# Woodstock 1969 - Complet list of artists with set list!



## Ti-Ron (Mar 21, 2007)

Enjoy!

Woodstock 1969 Lineup and Songlist


----------



## mhammer (Nov 30, 2007)

Neat!

My dad wouldn't let me hitchhike to Woodstock once he saw the traffic jams on TV. But looking through the list, I'm surprised by how many of the acts I had seen, and in a few cases, met.
Richie Havens (played at our high school)
John Sebastian (saw the Lovin' Spoonful at Expo 67)
Incredible String Band (interviewed them after a concert for campus radio)
Tim Hardin (on a double bill with John Prine)
Ravi Shankar (saw several times; tiki-tiki-ta-tiki-ta-ta)
Janis Joplin (with the Full Tilt Band; at the Forum, with James Cotton opening)
The Grateful Dead (with the Jefferson Airplane in an outdoor show at Place Ville Marie)
The Who (during the tour to support "Sell Out" with Keith Moon; I think the Box Tops and the 1910 Fruitgum Company opened for them)
Jefferson Airplane
Johnny Winter (met him briefly after a show with the band that included Rick Derringer)
Paul Butterfield Blues Band (saw them after they had changed guitarists from Buzzy Feiten - at Woodstock - to Ralph Wash)
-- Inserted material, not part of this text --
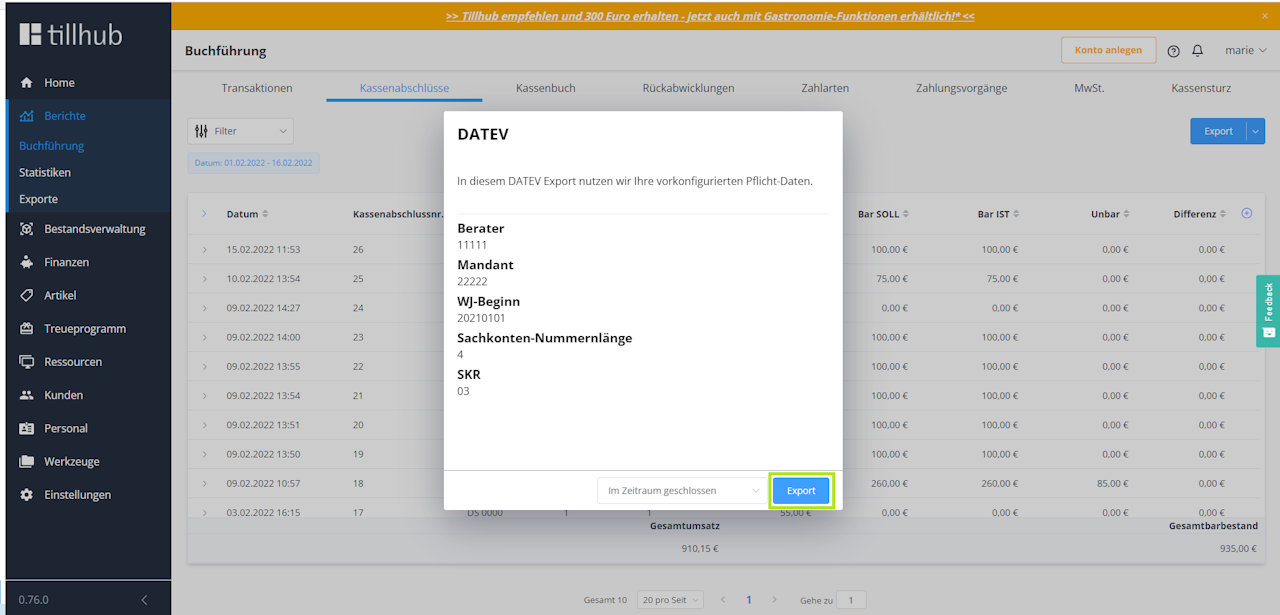 Note: If the drop-down menu is not displayed, please contact Tillhub Support. If you have not booked the DATEV export function, you can order it later through our sales team at +49 30 346 496 43.

It's funny, you know. There area bunch of acts that wouldn't even be considered as "rock" any more; like Melanie, Bert Sommer, Arlo Guthrie, Joan Baez, Country Joe Macdonald, John Sebastian, Incredible String Band, or Richie Havens. Almost like a folk festival inserted into a rock festival. Some of my CEGEP colleagues went, and came back with stories about sliding barechested in the mud. Since I couldn't go, I spent the weekend going to see the Mothers of Invention 5 times, and interviewing Frank Zappa. Pretty decent runner-up prize, though I'm still sorry I didn't get to go.


----------



## butterknucket (Feb 5, 2006)

Very cool!


----------



## butterknucket (Feb 5, 2006)

On a side note, does footage of the entire festival exist?


----------



## Ti-Ron (Mar 21, 2007)

There's some footage over youtube:

WOODSTOCK 1969 - YouTube


----------



## Electraglide (Jan 24, 2010)

Left Van to go there. Picked up a girl around Hope who was hitching to Calgary. Figured I'd spend a day in Calgary partying......missed Woodstack completely.


----------



## Ti-Ron (Mar 21, 2007)

Just for you @mhammer


----------



## Distortion (Sep 16, 2015)

I liked Canned Heats show the best. The quality of the You Tube clips are very good .


----------